The poor performance of Justice party has been attributed to four reasons – 1) Internal dissent in the party weakened it. Members like Natesa Mudaliar, M. C. Rajah and O. Kandasamy Chettiar were openly critical of the party's functioning during the first council. 2) The exclusion of Tamils from the first ministry weakened it in the Southern Tamil speaking districts of the presidency. 3) The Swarajists emerged as a small yet significant opposition to the Justice party. 4) Lack of an effective campaign hobbled the party's performance in the polls.

== Government formation ==
After the elections, Madras Governor Willington called upon the Justice Party to form the Government. Theagaraya Chetty recommended two former ministers Raja of Panagal (as First Minister) and A. P. Patro to be included in the cabinet. Kurma Venkata Reddy Naidu, the minister for Development was dropped and instead T. N. Sivagnanam Pillai, a Tamil member was inducted in the ministry.

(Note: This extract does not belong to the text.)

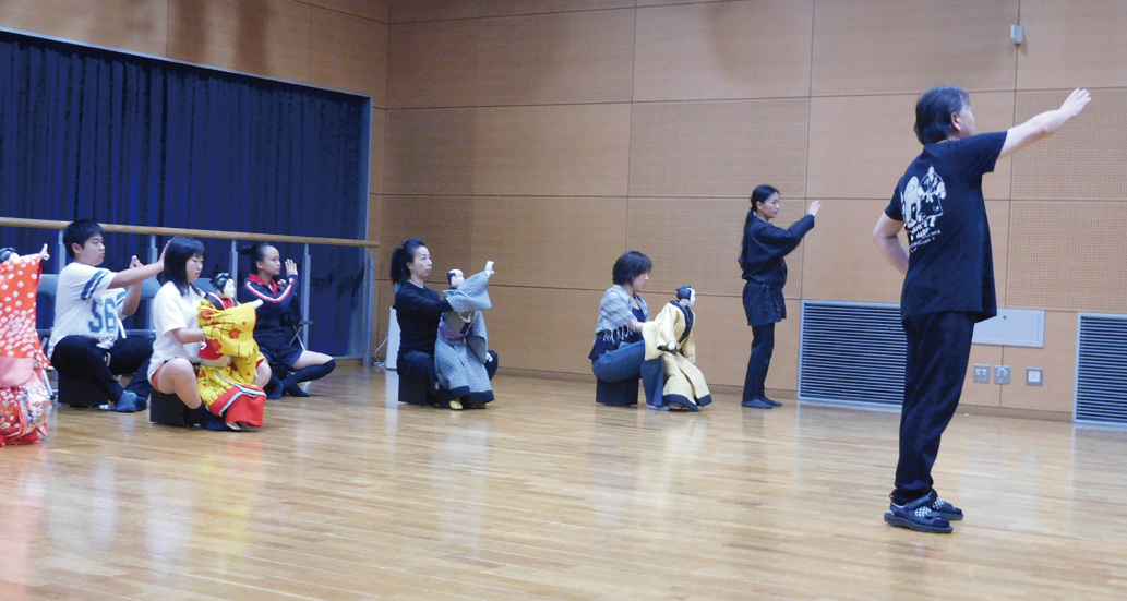 家元をはじめとする八王子車人形西川古柳座の座員が人形遣いの基本からていねいに指導します。

The ministers assumed office on 19 November 1923. Abdullah Ghatala Sabib Bahadur, S. Arpudasami Udayar and T. C. Thangavelu Pillai were appointed as Council secretaries. The new executive council of the Governor consisted of C. G. Todhunter, A. R. Knapp, C. P. Ramaswami Iyer and Vasudeva Ravi Varma Valiya Raja . L. D. Swamikannu Pillai was appointed by the Governor as the President of the legislative council for one year and his successor was to be chosen by the council itself after the end of his term. The council lasted from 26 November 1923, till 7 November 1926.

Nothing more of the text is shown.